Recent Construction Law Decision Holds That Contract Payment Terms Control Over New Jersey’s Prompt Payment Act
In JJD Electric, LLC v. SunPower Corporation, Systems, et al., the District Court of New Jersey dismissed multiple counts of plaintiff JJD Electric’s amended complaint, holding that the terms of the plaintiff’s subcontract control over its ancillary theories of liability. However, the court allowed the plaintiff’s fraudulent misrepresentation and unjust enrichment claims to proceed insofar as they challenged the very validity of the subcontract, as the Magistrate Judge held previously in granting the plaintiff leave to file the amended complaint.

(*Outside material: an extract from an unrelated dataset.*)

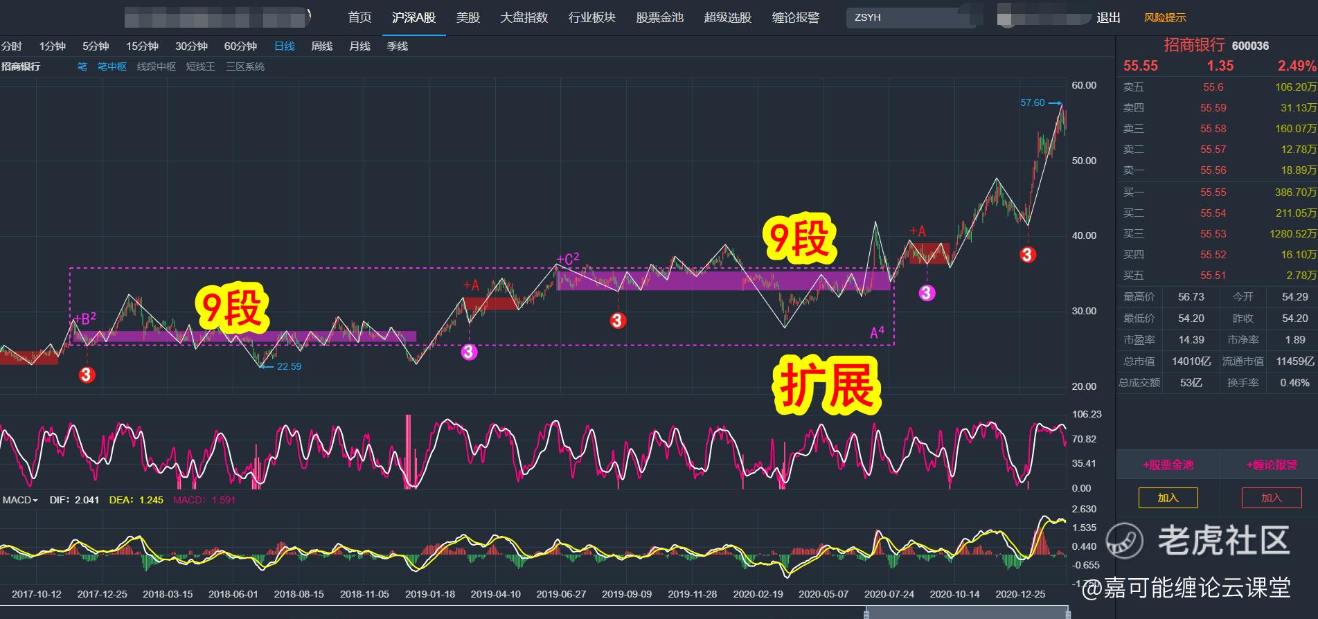 而在日线招商银行(600036)属于缠论K线强势力度,不是缠论九段,就是缠论扩展,如下图所示:

Defendant SunPower subcontracted JJD Electric to provide electrical contracting services in connection with the installation of power equipment at various project locations. JJD Electric asserted claims against SunPower for breach of contract, fraudulent misrepresentation, and unjust enrichment, as well as a claim under New Jersey’s Prompt Payment Act (PPA), seeking approximately $2 million for the alleged unpaid balance of work performed and another approximately $4 million for alleged delay damages.
Importantly, as to the PPA claim, the court recognized the scarcity of case law addressing the elements of an action under subsection (b) of the PPA dealing with timing of payments between prime contractors and subcontractors. Based on the plain language of the PPA and guidance from other courts, the court adopted the following elements:
- The subcontractor has performed contractual work for the prime contractor.
- The contractual work has been approved by the owner, the owner’s agent, or the prime contractor.
- The prime contractor and subcontractor have not otherwise agreed to terms of payment in writing.
- The prime contractor has not paid the subcontractor within 10 calendar days of receipt of a proper invoice.
In dismissing JJD Electric’s claim under the PPA, the court made clear that where, as here, a contract includes payment terms, those payment terms control. The PPA, in other words, serves as a backstop where a contract is silent on payment terms or contains terms consistent with the PPA. This decision thus adds to the scant case law interpreting the elements of a PPA claim.
The court also dismissed JJD Electric’s breach of contract claim for failure to make payment because JJD Electric did not provide unconditional lien waivers, which were a stated condition precedent to payment and were not impossible to provide, contrary to JJD Electric’s argument and as refuted by the complaint. Similarly, JJD Electric’s claim for delay damages failed because the subcontract explicitly barred recovery of consequential damages that, the court made clear, include damages resulting from interruption and delays of performance.
JJD Electric’s claim for breach of the implied covenant of good faith and fair dealing was also dismissed, as the court found that while there is no universal test for establishing such a claim, typically there must be a showing of bad faith with a malicious motive to deny the plaintiff some benefit of the bargain originally intended by the parties. Further, bad faith cannot be inferred from pre-contract acts. Simply claiming that certain conduct is in bad faith, therefore, will not be sufficient to survive a motion to dismiss where there is no connection between the alleged conduct and the supposed bad faith.
Finally, in sustaining JJD Electric’s claims for fraudulent inducement and unjust enrichment, the court explained that a viable claim for fraudulent inducement permits a plaintiff to maintain an unjust enrichment claim in the alternative to a breach of contract claim, since the validity of the contract is in dispute.
In sum, this opinion is important in the area of construction law because it provides guidance on claims frequently raised and litigated. Namely, the decision made clear that as between the provisions of the PPA dealing with timing of payments and contrary terms in the governing contract, the governing contract controls; upheld the condition precedent payment terms in the contract; found that consequential damages include delay damages; and succinctly established the elements of a claim for breach of the implied covenant of good faith and fair dealing. It also sanctioned the frequent practice of pleading unjust enrichment in the alternative to a breach of contract claim where a claim for fraudulent inducement is sufficiently pled.